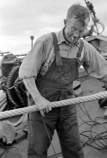 Arbete med garntrossen ombord på LL 1054 KNAPE
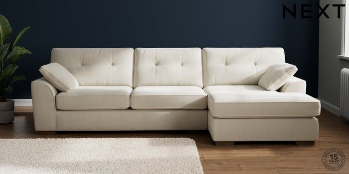 7.2.10 Stamford Buttoned Back Large Sofa Chaise - Right Hand Relaxed Linen Look Oyster Large Square Angle - Mid | Made Click here to use our website with more accessibility support, for example screen readers
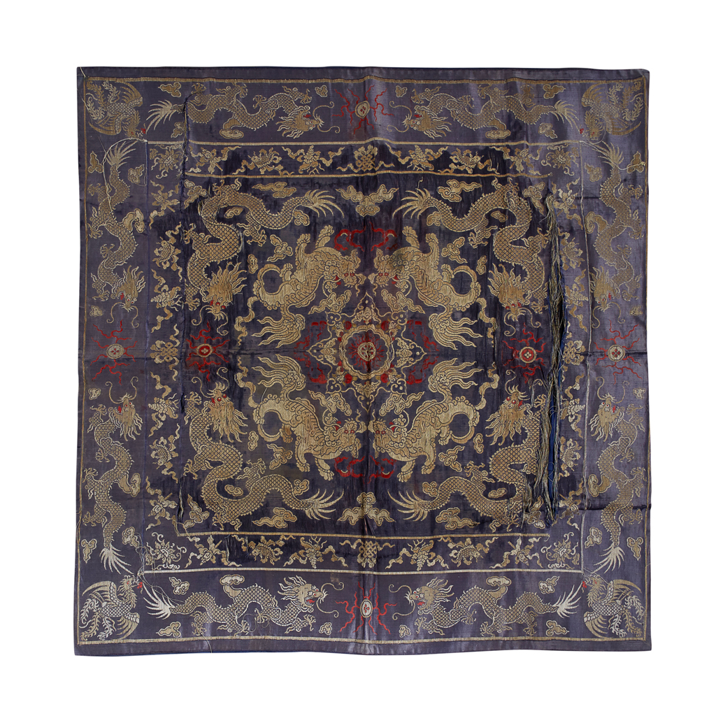of square shape, finely embroidered with four Buddhist lions encircling a central eight-petalled lotus flower, surrounded by four dragons chasing the flaming ball within a band of beribboned auspicious objects, the dragon motif repeated at the border

> **Your objective**: Return each line of the data, keeping its wording exact and omitting pictures.

> **Exercise output**:
 Arbete med garntrossen ombord på LL 1054 KNAPE
 7.2.10 Stamford Buttoned Back Large Sofa Chaise - Right Hand Relaxed Linen Look Oyster Large Square Angle - Mid | Made Click here to use our website with more accessibility support, for example screen readers
of square shape, finely embroidered with four Buddhist lions encircling a central eight-petalled lotus flower, surrounded by four dragons chasing the flaming ball within a band of beribboned auspicious objects, the dragon motif repeated at the border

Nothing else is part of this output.